Moon's comment follows news that US retail giant VF Corporation, which bought Icebreaker four years ago, plans a major restructure at the merino wool company's Ponsonby-based office.
Icebreaker, which operates 16 shops in New Zealand, six in Australia and 15 in North America, was sold to VF Corporation, the owner of The North Face, Vans and Timberland brands in November 2017 for $288 million.
The Kiwi company, founded by Moon in 1995, is looking to shed up to 50 staff as its parent company looks to expand its global operations and expand its product offering from outdoor clothing to casual everyday wear and smart workwear.
As of October, the Icebreaker entity will cease trading and the business will be split into three new entities - two set to be based out of the Ponsonby head office and one in Switzerland.
VF Corporation was vague on details, and would not specify which divisions of the business would be moved offshore, but said jobs that were focused on the global business were among those that would be disestablished.
It said the restructure would simplify operations and allow roles to be "situated closer to the markets they support".
Plans to cull between 40-50 local staff equates to more than a third of the retailer's 112-person workforce.
"It's upsetting when jobs are shifted out of New Zealand, especially when you helped create them," Moon told the Herald.
"Thank goodness the majority of the roles are staying here, and also new ones created to further develop the NZA and China markets.
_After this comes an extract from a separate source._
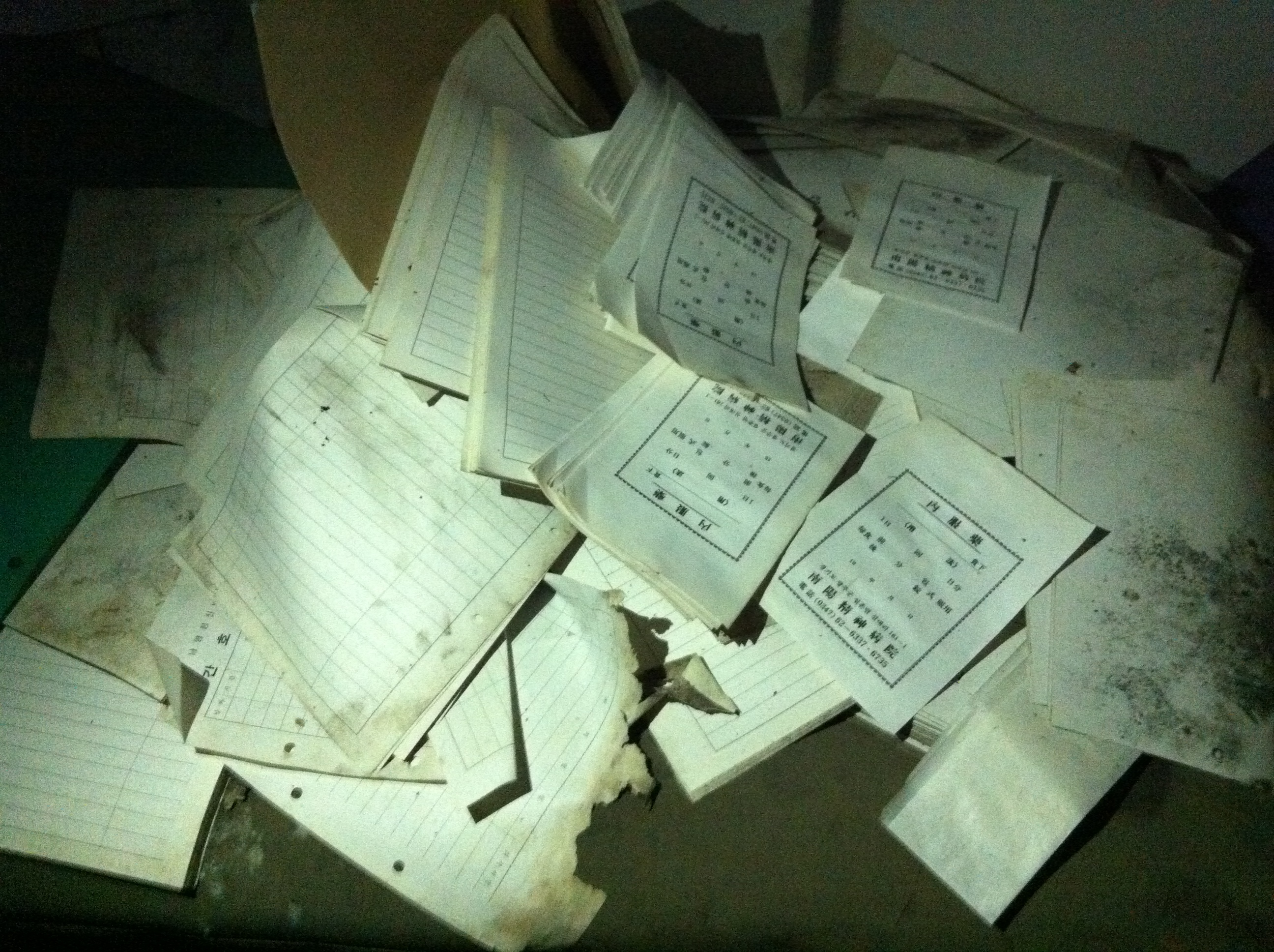 AND WE WERE IN!!!! Once inside, saying it was creepy is an understatement. The halls were so swampy and wet and reeked of the stench of mold, cigarette and hospital having a baby together. The Dr’s office was cluttered with piles of old patient records, overturned cabinets and jackets on the floor, and the bathrooms still had towels and buckets and blankets scattered everywhere. We even found a letter on the floor of one of the bathroom stalls, though it looked freshly written, so was probably placed by one of the other 1,000 sneaky daredevils.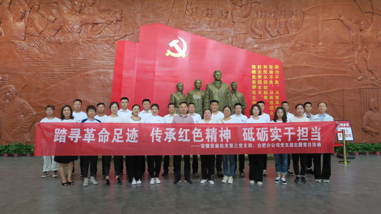 為熱烈慶祝中國共產(chǎn)黨成立101周年,深入學習貫徹習近平新時代中國特色社會主義思想,持續(xù)推動黨史學習教育走深走實。7月8日,機關第三黨支部和合肥分公司黨支部聯(lián)合開展以“踏尋革命足跡 傳承紅色精神 砥礪實干擔當”為主題的黨日活動,公司黨委書記、董事長胡六中,副總經(jīng)理李原以普通黨員身份參加活動。

Ultimately the goal of Icebreaker is to have a tectonic impact on the global outdoor market, using New Zealand merino as the superior choice to synthetics, and this will certainly amplify that."
Despite expressing disappointment at local job losses, Moon said VF Corp was a great company and that its ambitious plans for Icebreaker globally were "exciting".
At age 24, Moon stumbled across a merino farm in a series of coincidental events and was so inspired by the experience that he set out to create his own garments.
He started the business with $200,000 that he mustered up from friends, his parents and parents of friends to start the company.
The entrepreneur who now runs pet care business Animals Like Us pocketed $95 million from the sale of Icebreaker to VF Corporation.